# Over 55 - can I immigrate?



## BarbaraE (Aug 19, 2013)

I'm 63. I'm a college teacher of English as a Second language and a writer and editor. I would like to immigrate to Nova Scotia. I plan to keep working for at least 7 or 8 more years, probably longer, and would want to teach in Canada. 
Can I get into the country as a landed immigrant? How could I do this? What are the steps? From what I can tell, my age is probably a major barrier. But I very much want to make this move if possible. I have close friends, though no relatives, in Nova Scotia.


----------



## Auld Yin (Mar 10, 2009)

Under, I think, NAFTA there is an agreement that certain occupations in Canada and USA can more easily closes the border to work and live.
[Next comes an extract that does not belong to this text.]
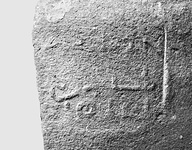 | Description: | Very thin flat handle. Coarse brownish-red clay, slightly micaceous; unglazed. Device; inverted. | |

Teachers are not one of these occupations consequently you'll need to have pre-arranged employment with an employer in Canada willing to seek Government approval to hire you for a 2year TWP (Temporary Work Permit).


----------



## BarbaraE (Aug 19, 2013)

Thanks for your reply. The problem is a circular one: I can't get a job without being landed. I was being considered for one at Dalhousie, but was not able to stay in the running because I'm not landed. My credentials are unusually strong but not unique. I don't know whether to give this up or keep trying to find a way.


----------